> [EXERCISE INSTRUCTIONS] Your answer must be the records below, given again exactly, with no pictures in it.
═══
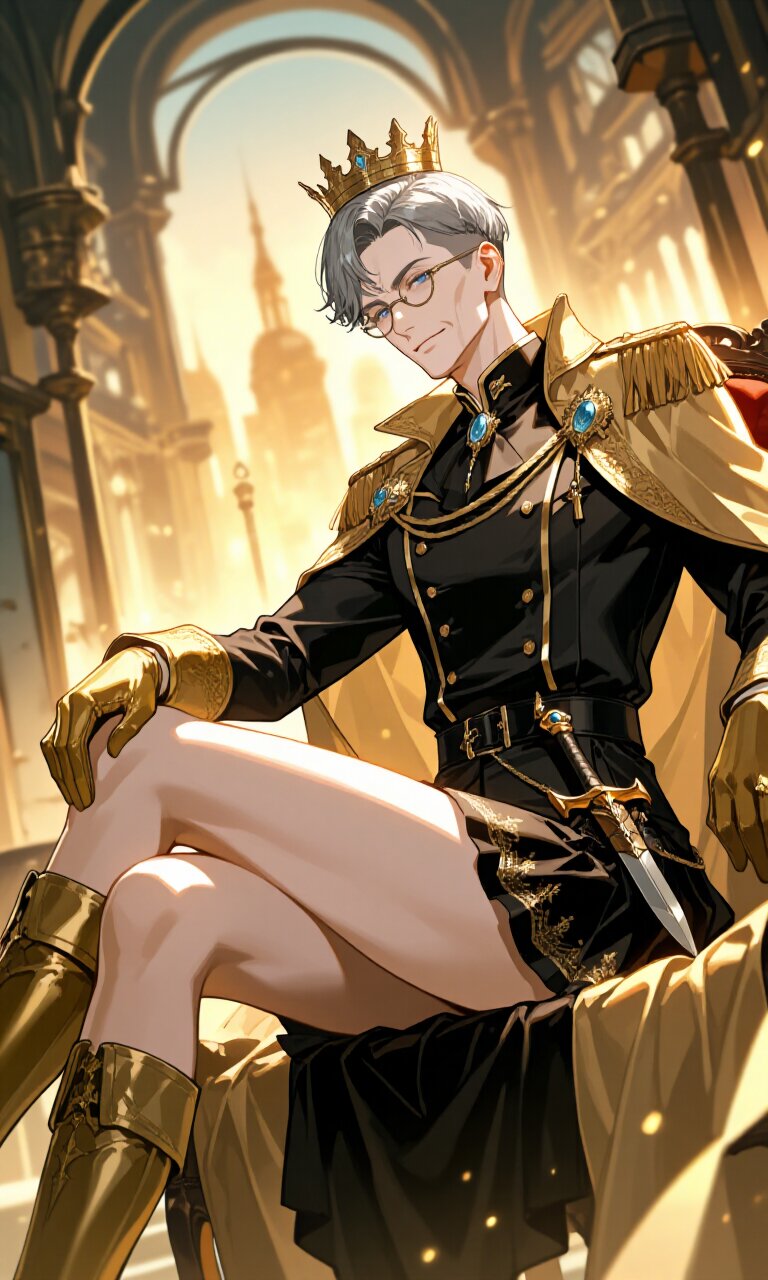A handsome middle-aged man in his late 50s sits regally on a (luxurious chair:1.5) in a grand steampunk palace during golden hour sunset. His striking features include a chiseled, delicate face with piercing blue eyes accentuated by circular silver eyewear, framed by short silver hair with shaved sides. He wears an opulent (Black luxurious prince costume with antique gold trim:1.4) paired with a (luxurious Black mini skirt with gold embroidery:1.4), draped with a flowing (Sepia luxurious cape:1.2). His attire is completed with (luxurious antique gold gloves:1.2), a (dagger on waist:1.3), and a (luxurious crown on head:1.2). His bare thighs contrast with the (luxurious antique Gold Boots:1.3) as he sits cross-legged, exuding confidence with a light smile. The background features intricate steampunk architecture with brass fittings and ornate detailing, bathed in warm, soft lighting with subtle bloom effects. The romantic, hazy atmosphere enhances the chill yet majestic mood. The illustration style is hyper-detailed, showcasing outstanding intricacies in textures—from the fabric’s embroidery to the metallic sheen of accessories—with anti-aliasing for flawless rendering. The composition balances cinematic framing and intimate portraiture, emphasizing his dual role as a fortune teller and producer through his enigmatic yet commanding presence.
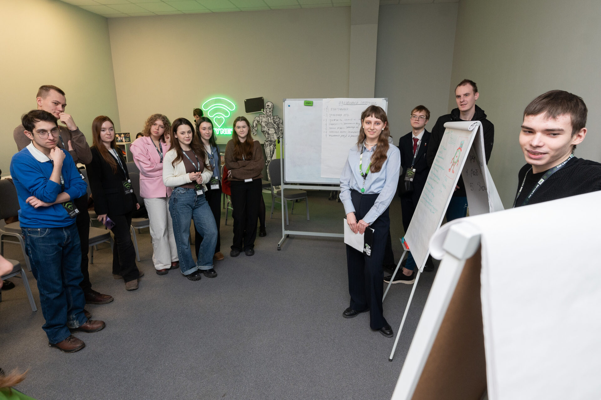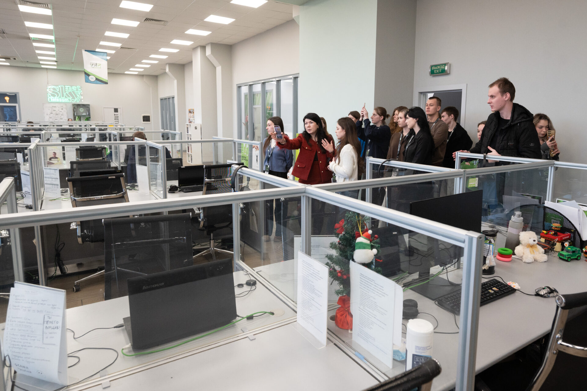 Экскурсия началась со знакомства с компанией – участники узнали об истории создания SkyNnet, познакомились с корпоративной культурой, благотворительными проектами и активностями, которые проводятся для сотрудников. Тем, кто увлекается онлайн играми, было интересно услышать про турнир для кибеспростменов – все желающие смогли присоединиться к сообществу геймеров по qr-коду с презентации.
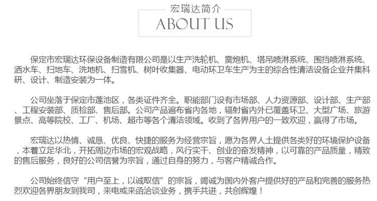 - 高端清洗車(chē),主要用于城市人行道、輔道、路沿石的快速?zèng)_洗和保潔,以及城市小廣告清 理、果皮箱和垃圾桶沖洗、地面污垢去除、地磚還原本色、公交站牌沖刷、公共廁所沖洗等。 對(duì)人行道和輔道進(jìn)行快速保潔。車(chē)輛體積小巧,重量輕,通過(guò)性強(qiáng),且不會(huì)對(duì)人行道地磚,井 蓋等其他公共設(shè)施造成損壞。采用優(yōu)質(zhì)加重型電動(dòng)四輪車(chē)底盤(pán)操作簡(jiǎn)單,載重性好,通過(guò)性 強(qiáng),普通環(huán)衛(wèi)工人即可操作。
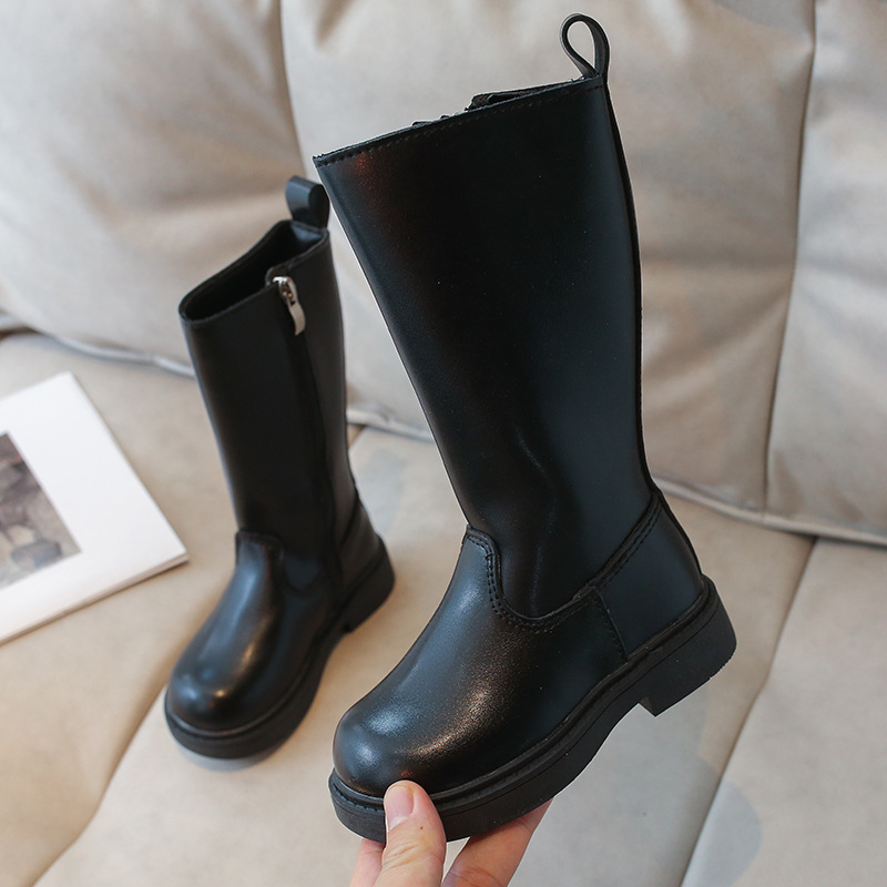 女の子用子供長靴2025秋新作暖かいハイカット万能ファッションブーツ裏起毛プリンセスロングレザーブーツ
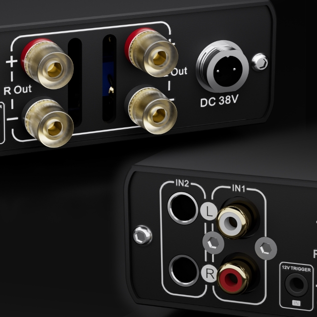 『Mini300』は、「バランス(6.35mmTRS)入力とアンバランス(RCA)入力」の両方をサポートし、追加のアダプターなしで互換性を確保します。「12Vトリガー」は、他のデバイスと連動し、自動で電源のON/OFF操作が可能です。
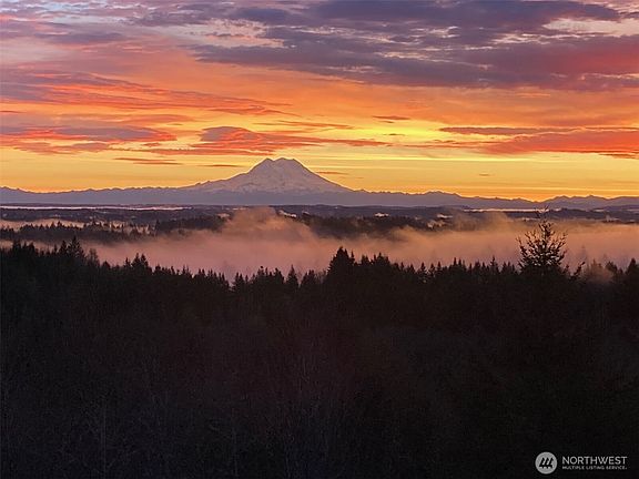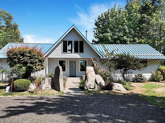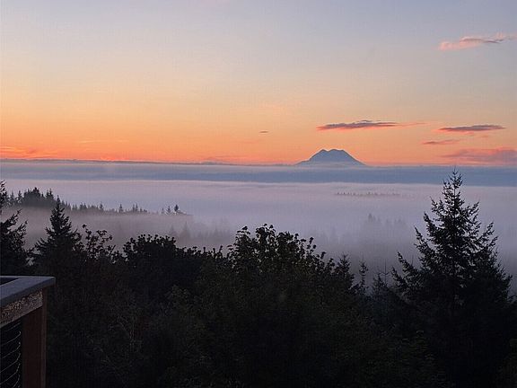 A true secluded gem & NW retreat awaits you in this custom-built expanded A-frame rambler on nearly 3 acres! Breathtaking Rainier & Cascade views across Delphi Valley will never be blocked. East-facing prow window-wall in living room flood the home w/ light, kept warm by the free-standing wood stove. Primary suite boasts vaulted ceilings, 2 private decks, jetted tub w/ a view, granite vanity, & walk-in closet. Kitchen features soaring ceilings, oversized island, & view out the glass sliding door to the deck. Updated .75 bath (Feb 2025). Mud/laundry room has convenient utility sink. Don't miss the heat pump, metal roof, solar panels, EV-charger ready carport, RV hookups, detached workshop, fire pit, & even an underground-container cellar!
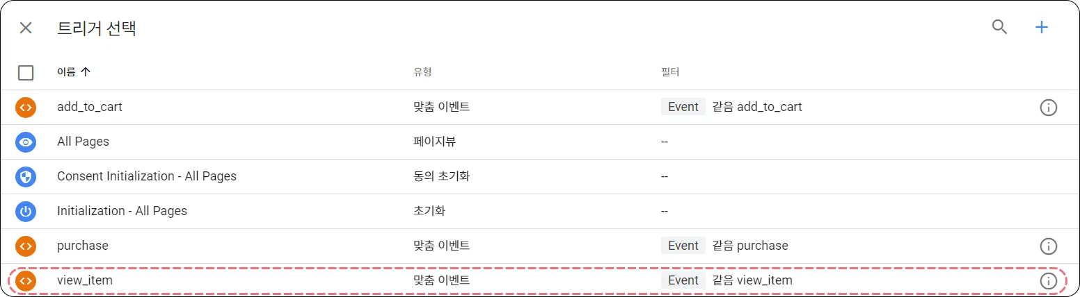 트리거 선택 아이콘을 클릭하여 트리거 view_item를 선택해 주세요.
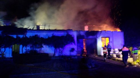 A su llegada, los bomberos comprobaron que las llamas se habían propagado por la totalidad del edificio y buena parte de la cubierta, por lo que las labores se centraron en evitar que el fuego alcanzara un inmueble colindante y en la completa extinción del incendio, que se prolongó hasta aproximadamente las 2:30 horas. En el interior del edificio había un vehículo y diversos enseres que quedaron completamente calcinados.
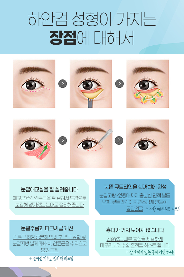 이로 인해 눈밑이 밝아지면서 인상이 생기 있어 보이고 납작했던 애교살을 살려주는 것을 통해 젊어진 느낌으로 변하는데 도움을 받아보실 수 있습니다. 또 불룩 튀어나온 눈밑을 탄력 있고 돋보이는 눈매로 변화시키는 데도 도움을 받아보실 수 있는데요.
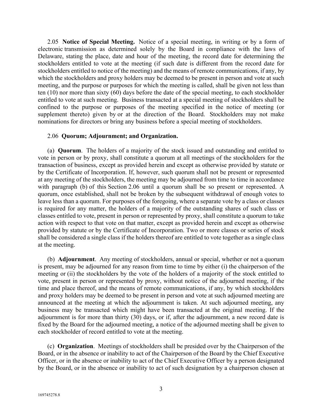 3 169745278.8 2.05 Notice of Special Meeting. Notice of a special meeting, in writing or by a form of electronic transmission as determined solely by the Board in compliance with the laws of Delaware, stating the place, date and hour of the meeting, the record date for determining the stockholders entitled to vote at the meeting (if such date is different from the record date for stockholders entitled to notice of the meeting) and the means of remote communications, if any, by which the stockholders and proxy holders may be deemed to be present in person and vote at such meeting, and the purpose or purposes for which the meeting is called, shall be given not less than ten (10) nor more than sixty (60) days before the date of the special meeting, to each stockholder entitled to vote at such meeting. Business transacted at a special meeting of stockholders shall be confined to the purpose or purposes of the meeting specified in the notice of meeting (or supplement thereto) given by or at the direction of the Board. Stockholders may not make nominations for directors or bring any business before a special meeting of stockholders. 2.06 Quorum; Adjournment; and Organization. (a) Quorum. The holders of a majority of the stock issued and outstanding and entitled to vote in person or by proxy, shall constitute a quorum at all meetings of the stockholders for the transaction of business, except as provided herein and except as otherwise provided by statute or by the Certificate of Incorporation. If, however, such quorum shall not be present or represented at any meeting of the stockholders, the meeting may be adjourned from time to time in accordance with paragraph (b) of this Section 2.06 until a quorum shall be so present or represented. A quorum, once established, shall not be broken by the subsequent withdrawal of enough votes to leave less than a quorum. For purposes of the foregoing, where a separate vote by a class or classes is required for any matter, the holders of a majority of the outstanding shares of such class or classes entitled to vote, present in person or represented by proxy, shall constitute a quorum to take action with respect to that vote on that matter, except as provided herein and except as otherwise provided by statute or by the Certificate of Incorporation. Two or more classes or series of stock shall be considered a single class if the holders thereof are entitled to vote together as a single class at the meeting. (b) Adjournment. Any meeting of stockholders, annual or special, whether or not a quorum is present, may be adjourned for any reason from time to time by either (i) the chairperson of the meeting or (ii) the stockholders by the vote of the holders of a majority of the stock entitled to vote, present in person or represented by proxy, without notice of the adjourned meeting, if the time and place thereof, and the means of remote communications, if any, by which stockholders and proxy holders may be deemed to be present in person and vote at such adjourned meeting are announced at the meeting at which the adjournment is taken. At such adjourned meeting, any business may be transacted which might have been transacted at the original meeting. If the adjournment is for more than thirty (30) days, or if, after the adjournment, a new record date is fixed by the Board for the adjourned meeting, a notice of the adjourned meeting shall be given to each stockholder of record entitled to vote at the meeting. (c) Organization. Meetings of stockholders shall be presided over by the Chairperson of the Board, or in the absence or inability to act of the Chairperson of the Board by the Chief Executive Officer, or in the absence or inability to act of the Chief Executive Officer by a person designated by the Board, or in the absence or inability to act of such designation by a chairperson chosen at
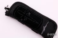 This custom Combat Troodon features a hand-ground hand rub satin finished blade with a 1" sharpened top edge. The handle is hand sculpted black Hefted aluminum with ringed copper hardware and black stainless steel pocket clip. The clip is marked "A. Marfione" and dated 01/2018 and dagger logo is on the clip #003. Comes with a nylon zippered case, original box and papers. Excellent condition.
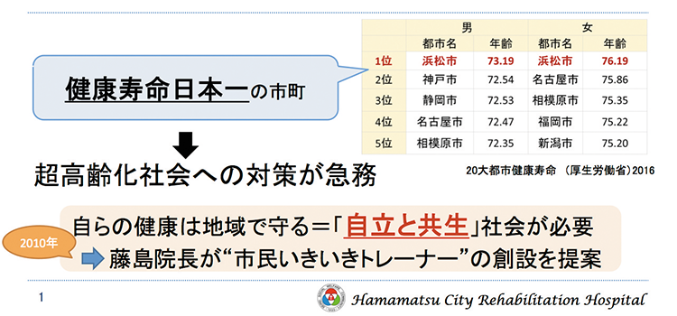 温暖な気候、日照時間の長さ、就労・社会参加の機会の豊富さなどがその理由として考えられているが、浜松市リハビリテーション病院長の藤島一郎氏は、「医療・介護施設が充実し、連携がスムーズな点も少なからず貢献していると考えられるが、何より、チャレンジ精神旺盛な住民気質を指す“やらまいか精神”が良い効果をもたらしているのでは」とみている。
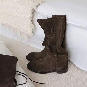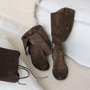 韩系两穿不过膝长靴西部牛仔靴女款复古擦色堆堆靴百搭马丁骑士靴
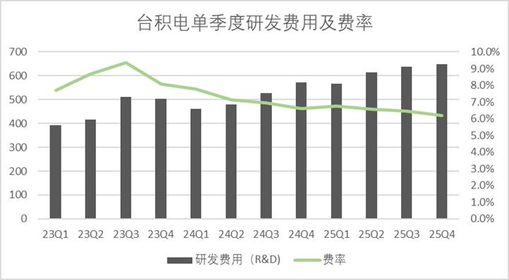 业绩会中,管理层也谈到了新一年的成本预期,2026年台积电的预期折旧费用可能会同比增长10%左右,这个预期明显低于营收增速指引,那么明年台积电折旧占营收的比例很可能会进一步降低,固定成本再一次被摊平。
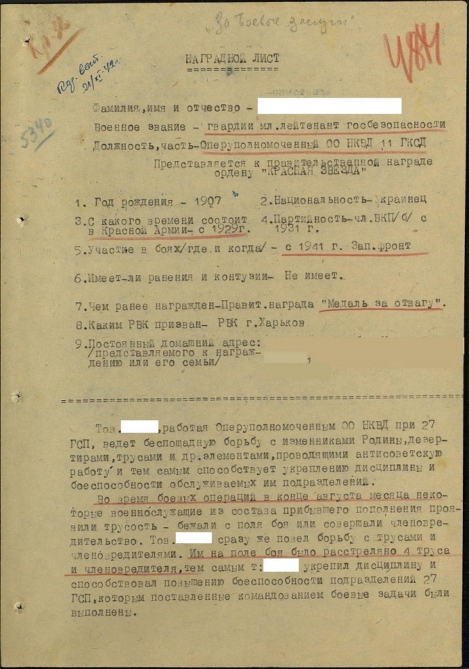 Редчайший Наградной на КЗ - 3 стр "подвигов". От расстрела своих красноармейцев, до ловли диверсантов и "чуждых элементов".
═══
> [WRITTEN RESPONSE]
A handsome middle-aged man in his late 50s sits regally on a (luxurious chair:1.5) in a grand steampunk palace during golden hour sunset. His striking features include a chiseled, delicate face with piercing blue eyes accentuated by circular silver eyewear, framed by short silver hair with shaved sides. He wears an opulent (Black luxurious prince costume with antique gold trim:1.4) paired with a (luxurious Black mini skirt with gold embroidery:1.4), draped with a flowing (Sepia luxurious cape:1.2). His attire is completed with (luxurious antique gold gloves:1.2), a (dagger on waist:1.3), and a (luxurious crown on head:1.2). His bare thighs contrast with the (luxurious antique Gold Boots:1.3) as he sits cross-legged, exuding confidence with a light smile. The background features intricate steampunk architecture with brass fittings and ornate detailing, bathed in warm, soft lighting with subtle bloom effects. The romantic, hazy atmosphere enhances the chill yet majestic mood. The illustration style is hyper-detailed, showcasing outstanding intricacies in textures—from the fabric’s embroidery to the metallic sheen of accessories—with anti-aliasing for flawless rendering. The composition balances cinematic framing and intimate portraiture, emphasizing his dual role as a fortune teller and producer through his enigmatic yet commanding presence.
 Экскурсия началась со знакомства с компанией – участники узнали об истории создания SkyNnet, познакомились с корпоративной культурой, благотворительными проектами и активностями, которые проводятся для сотрудников. Тем, кто увлекается онлайн играми, было интересно услышать про турнир для кибеспростменов – все желающие смогли присоединиться к сообществу геймеров по qr-коду с презентации.
 - 高端清洗車(chē),主要用于城市人行道、輔道、路沿石的快速?zèng)_洗和保潔,以及城市小廣告清 理、果皮箱和垃圾桶沖洗、地面污垢去除、地磚還原本色、公交站牌沖刷、公共廁所沖洗等。 對(duì)人行道和輔道進(jìn)行快速保潔。車(chē)輛體積小巧,重量輕,通過(guò)性強(qiáng),且不會(huì)對(duì)人行道地磚,井 蓋等其他公共設(shè)施造成損壞。采用優(yōu)質(zhì)加重型電動(dòng)四輪車(chē)底盤(pán)操作簡(jiǎn)單,載重性好,通過(guò)性 強(qiáng),普通環(huán)衛(wèi)工人即可操作。
 女の子用子供長靴2025秋新作暖かいハイカット万能ファッションブーツ裏起毛プリンセスロングレザーブーツ
 『Mini300』は、「バランス(6.35mmTRS)入力とアンバランス(RCA)入力」の両方をサポートし、追加のアダプターなしで互換性を確保します。「12Vトリガー」は、他のデバイスと連動し、自動で電源のON/OFF操作が可能です。
 A true secluded gem & NW retreat awaits you in this custom-built expanded A-frame rambler on nearly 3 acres! Breathtaking Rainier & Cascade views across Delphi Valley will never be blocked. East-facing prow window-wall in living room flood the home w/ light, kept warm by the free-standing wood stove. Primary suite boasts vaulted ceilings, 2 private decks, jetted tub w/ a view, granite vanity, & walk-in closet. Kitchen features soaring ceilings, oversized island, & view out the glass sliding door to the deck. Updated .75 bath (Feb 2025). Mud/laundry room has convenient utility sink. Don't miss the heat pump, metal roof, solar panels, EV-charger ready carport, RV hookups, detached workshop, fire pit, & even an underground-container cellar!
 트리거 선택 아이콘을 클릭하여 트리거 view_item를 선택해 주세요.
 A su llegada, los bomberos comprobaron que las llamas se habían propagado por la totalidad del edificio y buena parte de la cubierta, por lo que las labores se centraron en evitar que el fuego alcanzara un inmueble colindante y en la completa extinción del incendio, que se prolongó hasta aproximadamente las 2:30 horas. En el interior del edificio había un vehículo y diversos enseres que quedaron completamente calcinados.
 이로 인해 눈밑이 밝아지면서 인상이 생기 있어 보이고 납작했던 애교살을 살려주는 것을 통해 젊어진 느낌으로 변하는데 도움을 받아보실 수 있습니다. 또 불룩 튀어나온 눈밑을 탄력 있고 돋보이는 눈매로 변화시키는 데도 도움을 받아보실 수 있는데요.
 3 169745278.8 2.05 Notice of Special Meeting. Notice of a special meeting, in writing or by a form of electronic transmission as determined solely by the Board in compliance with the laws of Delaware, stating the place, date and hour of the meeting, the record date for determining the stockholders entitled to vote at the meeting (if such date is different from the record date for stockholders entitled to notice of the meeting) and the means of remote communications, if any, by which the stockholders and proxy holders may be deemed to be present in person and vote at such meeting, and the purpose or purposes for which the meeting is called, shall be given not less than ten (10) nor more than sixty (60) days before the date of the special meeting, to each stockholder entitled to vote at such meeting. Business transacted at a special meeting of stockholders shall be confined to the purpose or purposes of the meeting specified in the notice of meeting (or supplement thereto) given by or at the direction of the Board. Stockholders may not make nominations for directors or bring any business before a special meeting of stockholders. 2.06 Quorum; Adjournment; and Organization. (a) Quorum. The holders of a majority of the stock issued and outstanding and entitled to vote in person or by proxy, shall constitute a quorum at all meetings of the stockholders for the transaction of business, except as provided herein and except as otherwise provided by statute or by the Certificate of Incorporation. If, however, such quorum shall not be present or represented at any meeting of the stockholders, the meeting may be adjourned from time to time in accordance with paragraph (b) of this Section 2.06 until a quorum shall be so present or represented. A quorum, once established, shall not be broken by the subsequent withdrawal of enough votes to leave less than a quorum. For purposes of the foregoing, where a separate vote by a class or classes is required for any matter, the holders of a majority of the outstanding shares of such class or classes entitled to vote, present in person or represented by proxy, shall constitute a quorum to take action with respect to that vote on that matter, except as provided herein and except as otherwise provided by statute or by the Certificate of Incorporation. Two or more classes or series of stock shall be considered a single class if the holders thereof are entitled to vote together as a single class at the meeting. (b) Adjournment. Any meeting of stockholders, annual or special, whether or not a quorum is present, may be adjourned for any reason from time to time by either (i) the chairperson of the meeting or (ii) the stockholders by the vote of the holders of a majority of the stock entitled to vote, present in person or represented by proxy, without notice of the adjourned meeting, if the time and place thereof, and the means of remote communications, if any, by which stockholders and proxy holders may be deemed to be present in person and vote at such adjourned meeting are announced at the meeting at which the adjournment is taken. At such adjourned meeting, any business may be transacted which might have been transacted at the original meeting. If the adjournment is for more than thirty (30) days, or if, after the adjournment, a new record date is fixed by the Board for the adjourned meeting, a notice of the adjourned meeting shall be given to each stockholder of record entitled to vote at the meeting. (c) Organization. Meetings of stockholders shall be presided over by the Chairperson of the Board, or in the absence or inability to act of the Chairperson of the Board by the Chief Executive Officer, or in the absence or inability to act of the Chief Executive Officer by a person designated by the Board, or in the absence or inability to act of such designation by a chairperson chosen at
 This custom Combat Troodon features a hand-ground hand rub satin finished blade with a 1" sharpened top edge. The handle is hand sculpted black Hefted aluminum with ringed copper hardware and black stainless steel pocket clip. The clip is marked "A. Marfione" and dated 01/2018 and dagger logo is on the clip #003. Comes with a nylon zippered case, original box and papers. Excellent condition.
 温暖な気候、日照時間の長さ、就労・社会参加の機会の豊富さなどがその理由として考えられているが、浜松市リハビリテーション病院長の藤島一郎氏は、「医療・介護施設が充実し、連携がスムーズな点も少なからず貢献していると考えられるが、何より、チャレンジ精神旺盛な住民気質を指す“やらまいか精神”が良い効果をもたらしているのでは」とみている。
 韩系两穿不过膝长靴西部牛仔靴女款复古擦色堆堆靴百搭马丁骑士靴
 业绩会中,管理层也谈到了新一年的成本预期,2026年台积电的预期折旧费用可能会同比增长10%左右,这个预期明显低于营收增速指引,那么明年台积电折旧占营收的比例很可能会进一步降低,固定成本再一次被摊平。
 Редчайший Наградной на КЗ - 3 стр "подвигов". От расстрела своих красноармейцев, до ловли диверсантов и "чуждых элементов".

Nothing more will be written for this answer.